## TASK DIRECTIONS
Copy task, pictures excluded: set down exactly the lines from the one containing "Una vez pelados" to the end of the data below.

--------

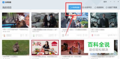 首先,打开电脑上的软件,进入首页点击 新建视频按钮
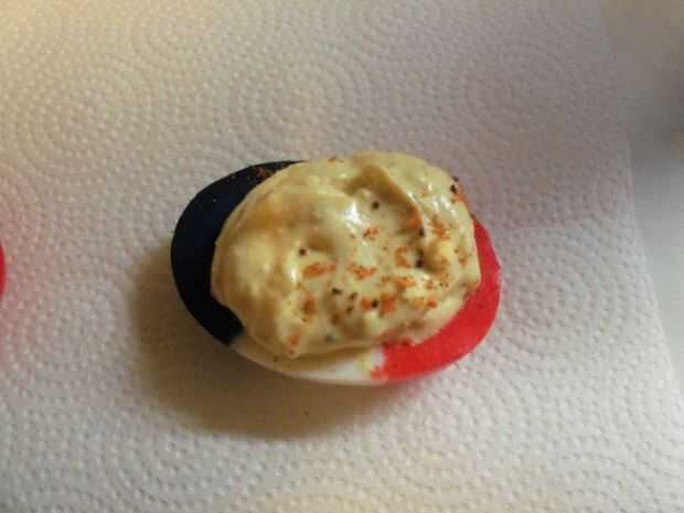 Una vez pelados y reducido a la mitad simplemente utilizar un pincel pequeño para pintar colorante a cada lado del huevo.
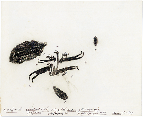Inspiriert, so eine schriftliche Erklärung in eine Zeichnung einzubringen, wurde Kater auch durch Zeichnungen und Aquarelle aus den Jahren 1875 bis 1881 von sechs San, Angehörigen der ältesten Bewohner des südlichen Afrika, die die Sprachwissenschaftler Wilhelm Heinrich Immanuel Bleek und Lucy Catherine Loyd in Kapstadt direkt und in ihrer Anwesenheit kommentierten... die Zeichner, die in der Regel "auf Aufforderung" zeichneten, erklärten während sie zeichneten ihre jeweilige Zeichnung... und die Sprachwissentschaftler, die in erster Linie ein Wörterbuch und eine Gramatik ihrer Sprache erstellen wollten, notierten anschließend diese Erklärungen auf dem Blatt. Es handelte sich also in der Regel nicht um autonome Kunst... die Zeichnungen begleiteten und ermöglichten Kommunikation.
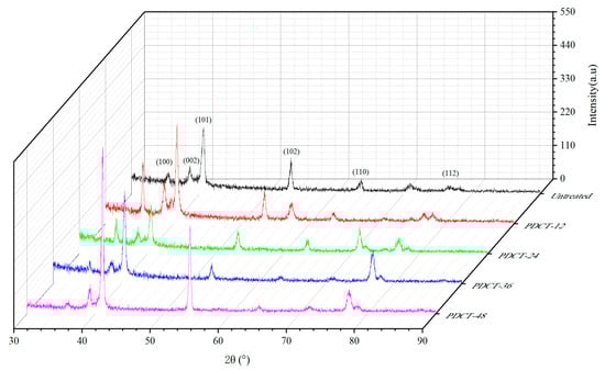 The grain orientations of the PDCT alloys significantly changed apparently. The three strongest peaks of the untreated sample corresponded to the (002), (101), and (102) diffraction peaks, among which (101) was the main peak. The three strongest diffraction peaks of PDCT12 and PDCT24 were (100), (101) and (102), respectively. For the PDCT36 and PDCT48 samples, the three strongest diffraction peaks were transferred to the (101), (102) and (112) crystal planes, and the overall intensity significantly decreased.
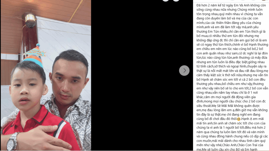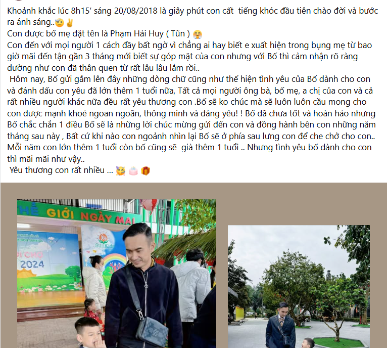 Được biết người bố đang là CSGT tại địa phương. Anh có một cuộc hôn nhân không trọn vẹn nhưng vẫn là một người bố, người chồng đầy trách nhiệm trong mắt người thân. Những chia sẻ nghẹn ngào của vợ cũ đã chứng minh anh là một người như thế.

--------

## RESPONSE AREA
 Una vez pelados y reducido a la mitad simplemente utilizar un pincel pequeño para pintar colorante a cada lado del huevo.
Inspiriert, so eine schriftliche Erklärung in eine Zeichnung einzubringen, wurde Kater auch durch Zeichnungen und Aquarelle aus den Jahren 1875 bis 1881 von sechs San, Angehörigen der ältesten Bewohner des südlichen Afrika, die die Sprachwissenschaftler Wilhelm Heinrich Immanuel Bleek und Lucy Catherine Loyd in Kapstadt direkt und in ihrer Anwesenheit kommentierten... die Zeichner, die in der Regel "auf Aufforderung" zeichneten, erklärten während sie zeichneten ihre jeweilige Zeichnung... und die Sprachwissentschaftler, die in erster Linie ein Wörterbuch und eine Gramatik ihrer Sprache erstellen wollten, notierten anschließend diese Erklärungen auf dem Blatt. Es handelte sich also in der Regel nicht um autonome Kunst... die Zeichnungen begleiteten und ermöglichten Kommunikation.
 The grain orientations of the PDCT alloys significantly changed apparently. The three strongest peaks of the untreated sample corresponded to the (002), (101), and (102) diffraction peaks, among which (101) was the main peak. The three strongest diffraction peaks of PDCT12 and PDCT24 were (100), (101) and (102), respectively. For the PDCT36 and PDCT48 samples, the three strongest diffraction peaks were transferred to the (101), (102) and (112) crystal planes, and the overall intensity significantly decreased.
 Được biết người bố đang là CSGT tại địa phương. Anh có một cuộc hôn nhân không trọn vẹn nhưng vẫn là một người bố, người chồng đầy trách nhiệm trong mắt người thân. Những chia sẻ nghẹn ngào của vợ cũ đã chứng minh anh là một người như thế.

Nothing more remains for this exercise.